# Archery Capstone
This capstone project was created in support of the CodeYou program to showcase the materials covered in the Data Analysis pathway. 
The code blocks below will walk you through the following:<br>
1. Accessing three layers created within ArcGIS Online to collect archery related stats from 3D target events<br>
2. Pulling these layers down to data frames to work with separately from the authoritative data within ArcGIS Online<br>
3. Cleaning and joining the data so it can be used for futher analysis and graphic creation<br>
4. Creating graphics and shot summaries for the archer to reference and analyze for trends

## Data Collection
Data was created and collected using esri's ArcGIS Online platform in support of this project. Three distinct layers will be referenced for this project:<br>
1.  A lookup table was created containing the various 3D target animals along with information on the color, size, name, and target pattern.<br> 
2.  A Survey123 was created to collect shoot conditions for each tournament.  Data was collected to capture the shoot name, shoot location (indoor or outdoor), shoes (minimal, hiking boots, sandals, gym shoes), temperature, weather conditions present (sunny, cloudy, humid, windy, foggy, light rain, heavy rain, stormy), and personal conditions (well rested, tired, sick, sore, hungry, full).<br>
3.  A Survey123 was created to collect several details for each shot on the individual target and appearance (animal, range, position, elevation, lighting), shot execution (confidence, release details, execution details), and placement (score, aim placement, actual arrow impact). 

### Import Modules

This section imports the various modules required for the code to execute. 

In [None]:
from arcgis.gis import GIS
from arcgis.features import FeatureLayer
import pandas as pd
import pandasql as psql
import os
import requests
from IPython.display import display
import plotly.express as px
import ipywidgets as widgets
import dash
from dash import dcc, html
from dash.dependencies import Input, Output
print("Modules Imported")

### Download AGOL layers to dataframes

This section connects to ArcGIS Online and downloads two of the three datasets to dataframes for cleaning and analysis. The final dataset is then converted to a dataframe from a CSV. 

In [None]:
# Connect to ArcGIS Online
# gis = GIS("https://sso.maps.arcgis.com/")
gis = GIS()

# Define ItemIDs for AGOL layers
Shot = "f0314c505e83428d8ce6894a8d73eb09"
Shoot = "5fa46f5f47e841b1b2454271cd346d8f"
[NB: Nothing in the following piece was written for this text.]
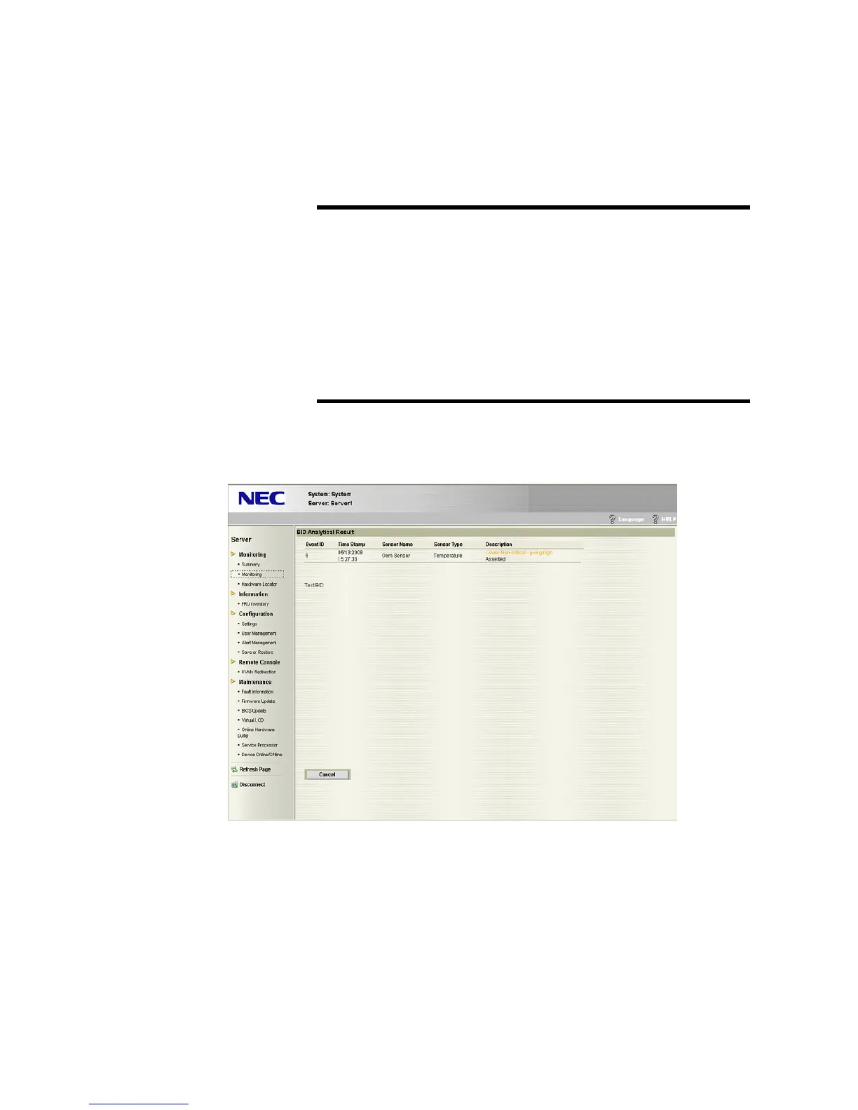 BID : BID button (display only when hardware log exists).

# Search for the layers by title
layer3_Shoot = gis.content.get(Shoot)
layer2_Shot = gis.content.get(Shot)
#print (layer2_Shot.type)
#print (layer3_Shoot.type)

# Access the first layer in each item
feature_layer2_Shot = layer2_Shot.layers[0]
feature_layer3_Shoot = layer3_Shoot.layers[0]
# print (feature_layer2_Shot)
# print (feature_layer3_Shoot)

# Query the layers to get all features
features2 = feature_layer2_Shot.query()
features3 = feature_layer3_Shoot.query()

# Convert features to pandas DataFrames
df2_Shot = features2.sdf
df3_Shoot = features3.sdf

# Read the AnimalLookup CSV to a dataframe
cwd = os.getcwd()
print(cwd)
data_dir = os.path.join(cwd, "Data")
print(data_dir)
animalLookup_path = f"{data_dir}\\AnimalLookup.csv"
df1_Animal = pd.read_csv(animalLookup_path)
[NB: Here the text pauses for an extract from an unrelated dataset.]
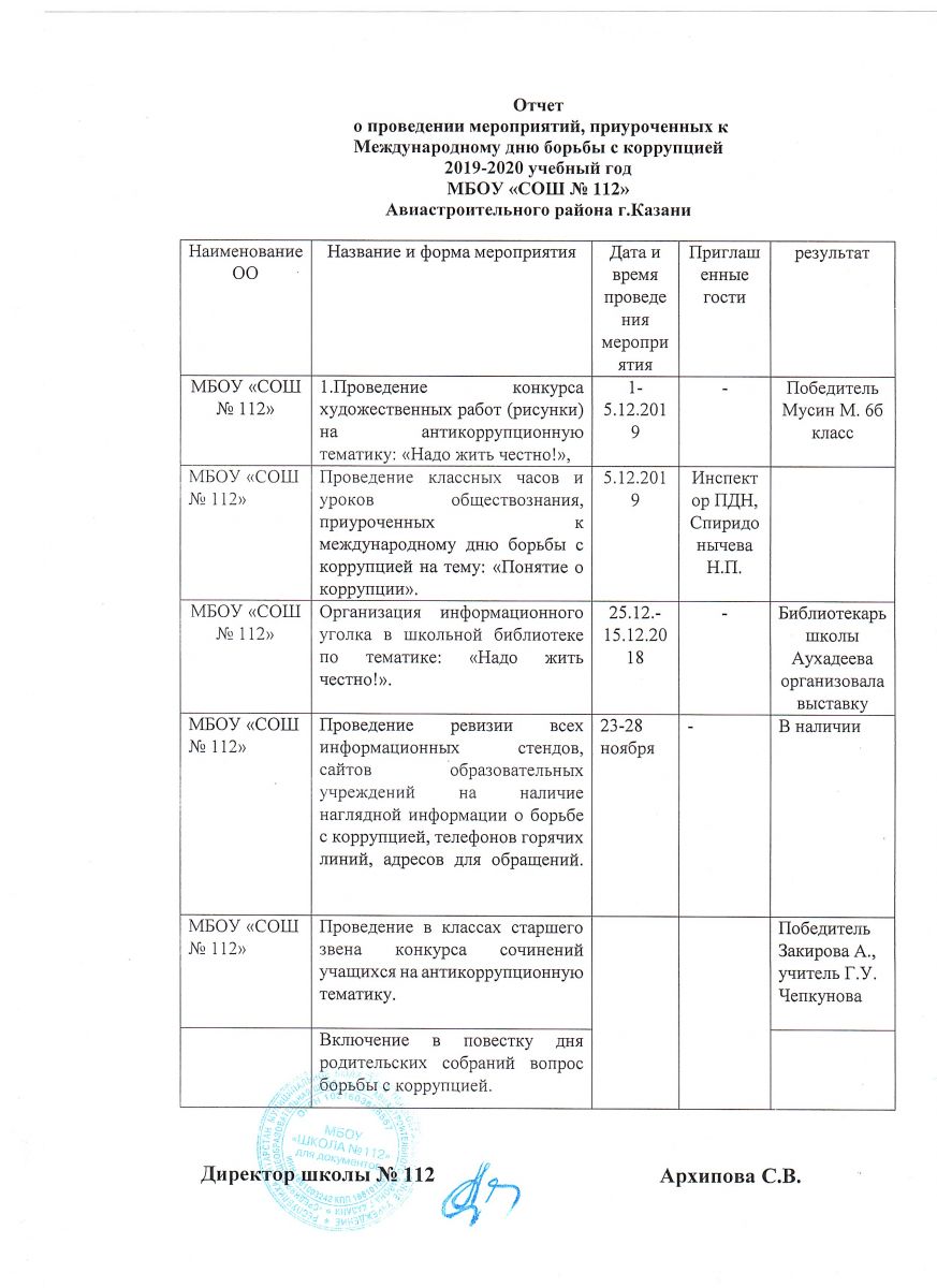 Отчет по реализации плана месячника борьбы с коррупцией

print("Dataframes imported")

In [None]:
# Now that our data has been downloaded to dataframes, let's make sure we are able to see the resulting columns and rows. 
pd.set_option('display.max_rows', 50)
pd.set_option('display.max_columns', None)


# Explore the columns and data of each data frame
print(f"Animal Lookup Dataframe: {df1_Animal.columns}")
display(df1_Animal)
print(f"Shot Report Out Dataframe: {df2_Shot.columns}")
display(df2_Shot)
print(f"Shoot Details: {df3_Shoot.columns}")
display(df3_Shoot)

### Combine and clean dataframes using Pandas

1. Populate fields<br>
    - Score to Scored Ring<br>

In [None]:
# A few changes were made to the schema mid data collection - let's clean up some of the columns.  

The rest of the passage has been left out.